How to handle a typical data science issue

Yolanda Johansson
1 min readJun 20, 2021

When one works with a typical data science issue in interview or daily work, such as binary classification, the general process is exploratory data analysis, preprocessing, model building and training, model evaluation, inference. The common python libraries are pandas, scikit-learn, matplotlib, seaborn.

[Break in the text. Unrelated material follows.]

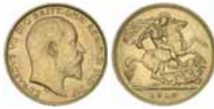
1760* Edward VII , 1910 Sydney. Nearly uncirculated.

  1. exploratory data analysis: distribution, histogram, correlation, variable importance, plotting and visualization
  2. preprocessing: training and test data splitting, standardization (common requirement for many machine learning estimators implemented in scikit-learn), imputation of missing values, encoding categorical features
  3. model building and training: call various models such as logistic regression, random forests, gradient boosted trees, etc… on training data, one can use k-fold cross validation and grid search in order to reduce overfitting (eg. sklearn.model_selection.GridSearchCV)
  4. model evaluation: usually auc (sklearn.metrics.roc_auc_score, value range [0.5, 1]) can be used to evaluate classification model accuracy, if the data set is highly imbalanced, F1-score is used. https://en.wikipedia.org/wiki/Receiver_operating_characteristic, calculate a metric on test data to determine which model gives the best performance.
  5. inference: this is to apply the model on real data. For use case in credit scoring, the predicted probabilities denote credit value through times 1000. Two options (joblib, pickle) can help to save and load models.

--

--